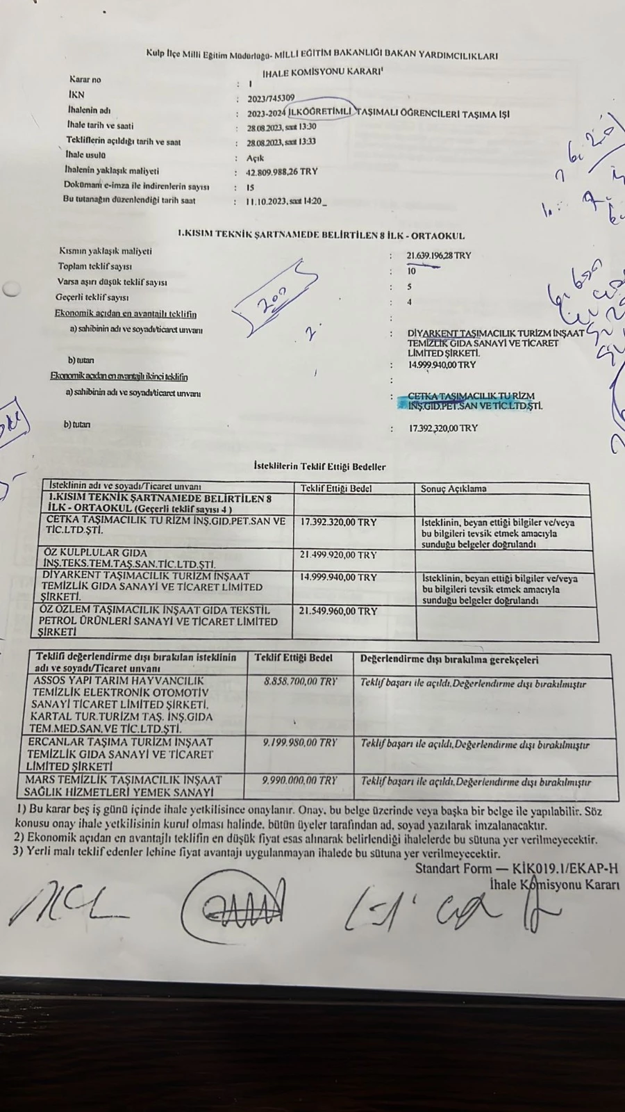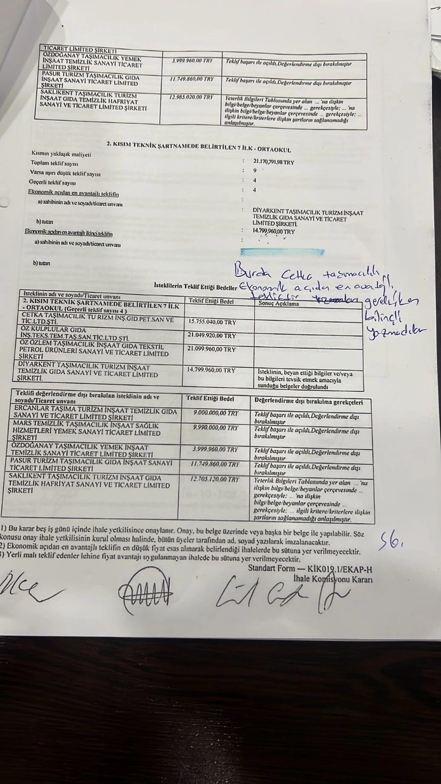 Kamu zararına neden olan usulsüzlüklerin devam etmemesi adına ihaleye girdiğini dile getiren Taş, “Elbette yapılan haksızlığa karşı sesiz kalamazdım. Bu haksızlıklara karşı sesiz kalmam hukuka aykırı ve kamu zararına neden olan usulsüzlüklerin devam etmesi anlamına gelecekti. İhaleye girme yeterliliği olan akrabamıza ait CETKA TAŞIMACILIK isimli firma ile ortaklık kurmak suretiyle Taşıma işi ihalesine girme kararı aldım. 4 kısımdan ibaret olan ihaleye İlkokul 1. Kısım ile Ortaokul 1. Kısım için teklif kullandım. Diğer iki kısım için ise istekli olmadık. Teklif vermiş olduğumuz kısımlara ilişkin tüm teklifler EKAP sistemine düşürüldükten sonra tüm teklifleri inceleme imkânım oldu. EKAP formülüne göre yapmış olduğumuz hesaplamayla sınır değeri tespit ettim. İlkokul 1. Kısımda sınır değer üstünde en avantajlı teklifin CETKA TAŞIMACILIĞA ait olduğunu tespit ettim. Ortaokul 1. Kısımda ise CETKA TAŞIMACILIK sınır değerin altında, sınır değere en yakın teklifi veren firma olduğu tarafımızca tespit edildi. İhale yaklaşık maliyeti 12.745.523,88 TL iken firmamız 8.870.400,00 şeklinde teklifte bulunmuş, idarenin yaklaşık 4.000.000,00 TL kara geçmesini sağlamıştır” dedi.
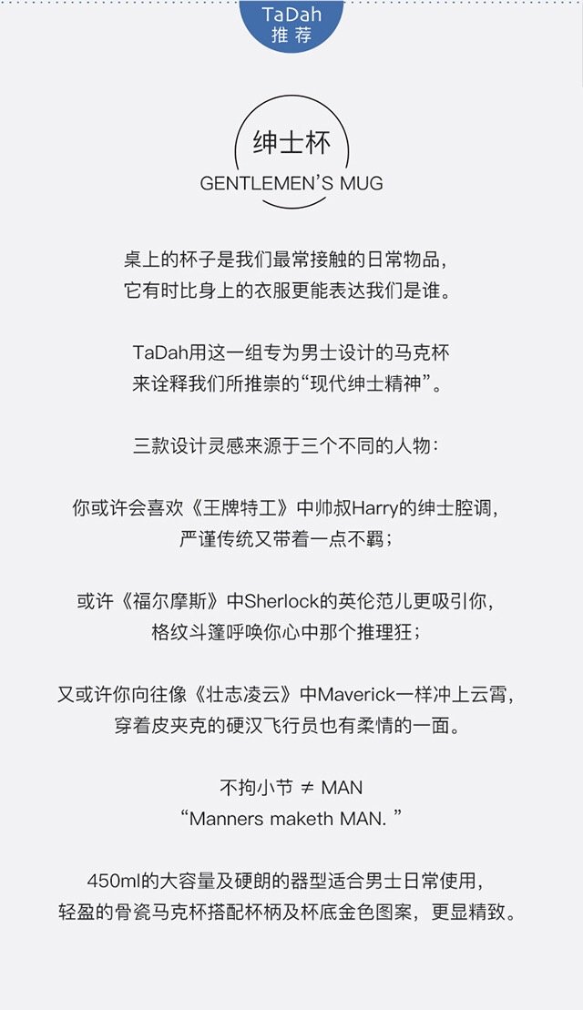 TaDah突然间 绅士杯 骨瓷马克杯 (三款可选)
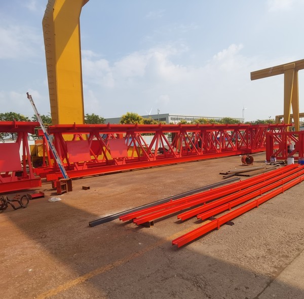 架橋機(jī)的主要結(jié)構(gòu)包括主梁、導(dǎo)梁、支腿、起吊天車(chē)、橫移機(jī)構(gòu)、縱移機(jī)構(gòu)、電氣控制系統(tǒng)等部分。其中,主梁是架橋機(jī)的主要承載結(jié)構(gòu),導(dǎo)梁則用于引導(dǎo)架橋機(jī)前進(jìn)的方向,支腿用于支撐架橋機(jī)的重量和保證穩(wěn)定性,起吊天車(chē)則用于吊裝和拼裝橋梁構(gòu)件。橫移機(jī)構(gòu)和縱移機(jī)構(gòu)則分別用于實(shí)現(xiàn)架橋機(jī)在橫向和縱向上的移動(dòng)和定位。
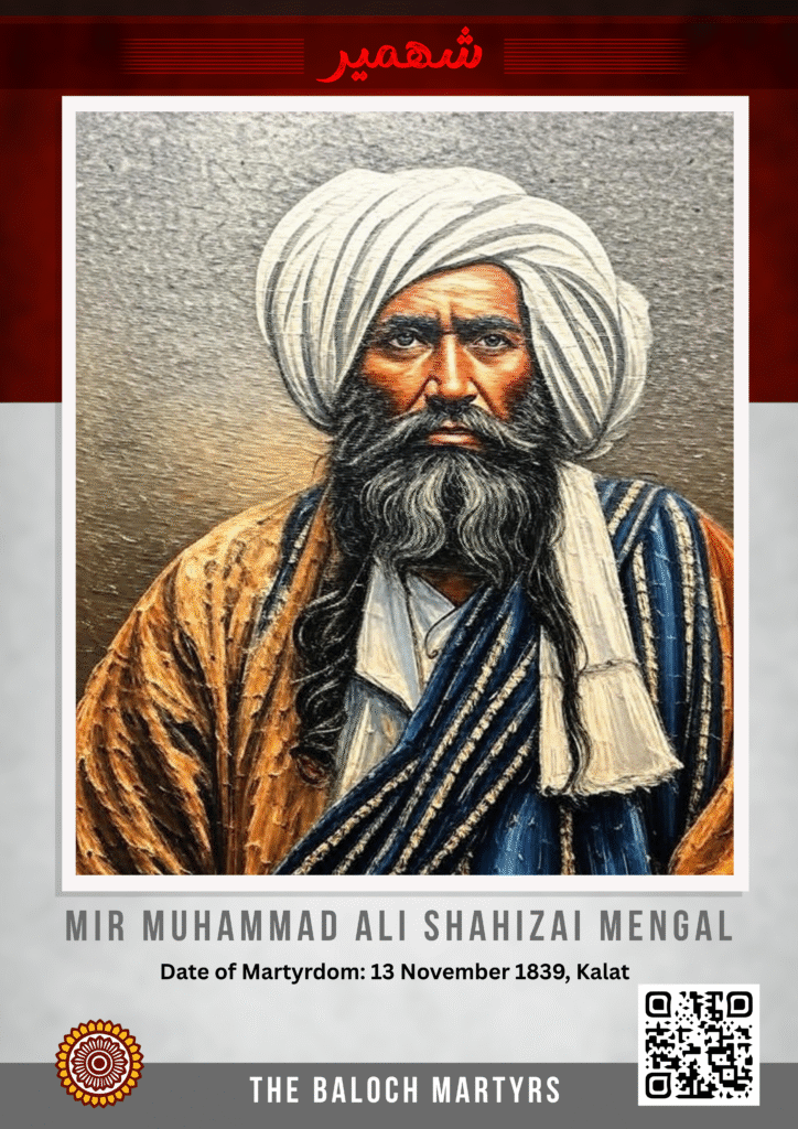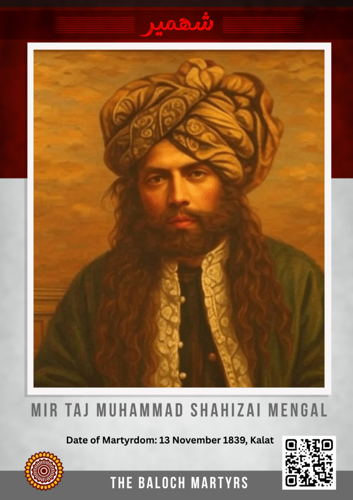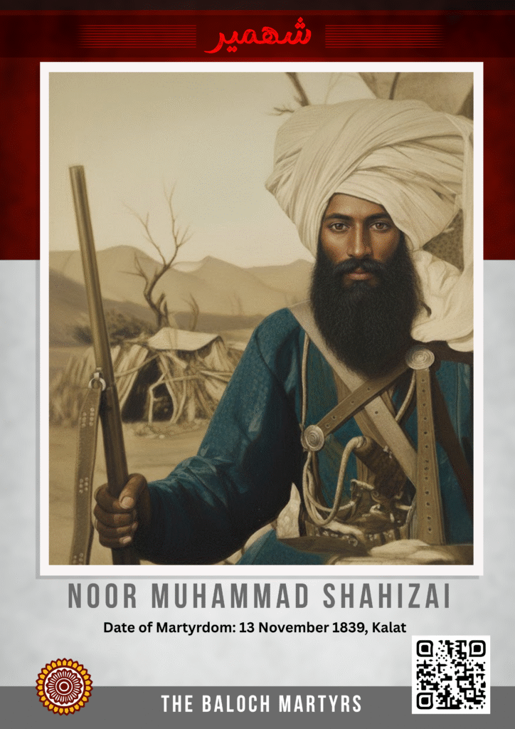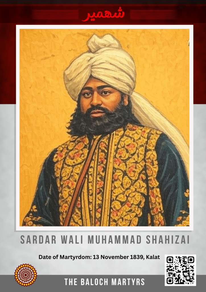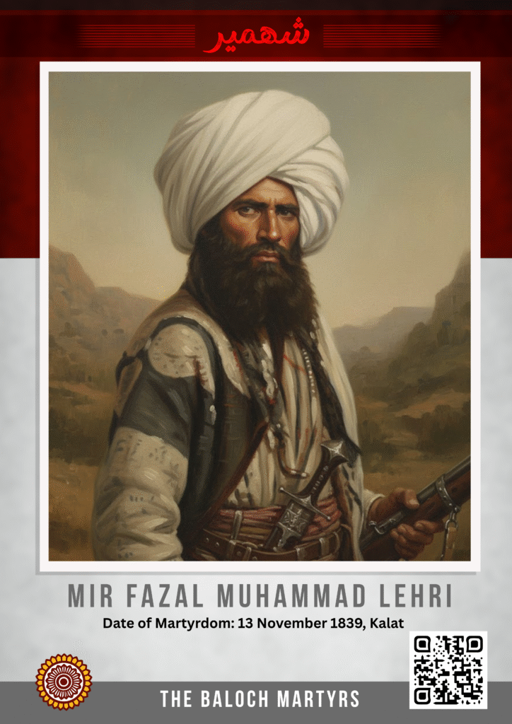On 13 November 1839, in the fierce defense of Baloch soil against the British assault, Lal Shaheed Khan Mehrab and four hundred valiant Baloch warriors attained martyrdom.

Task instructions
Skip the pictures and write out exactly the lines from the line containing "架橋機(jī)的主要結(ji" through the end of the listing above.

Finished task
 架橋機(jī)的主要結(jié)構(gòu)包括主梁、導(dǎo)梁、支腿、起吊天車(chē)、橫移機(jī)構(gòu)、縱移機(jī)構(gòu)、電氣控制系統(tǒng)等部分。其中,主梁是架橋機(jī)的主要承載結(jié)構(gòu),導(dǎo)梁則用于引導(dǎo)架橋機(jī)前進(jìn)的方向,支腿用于支撐架橋機(jī)的重量和保證穩(wěn)定性,起吊天車(chē)則用于吊裝和拼裝橋梁構(gòu)件。橫移機(jī)構(gòu)和縱移機(jī)構(gòu)則分別用于實(shí)現(xiàn)架橋機(jī)在橫向和縱向上的移動(dòng)和定位。
On 13 November 1839, in the fierce defense of Baloch soil against the British assault, Lal Shaheed Khan Mehrab and four hundred valiant Baloch warriors attained martyrdom.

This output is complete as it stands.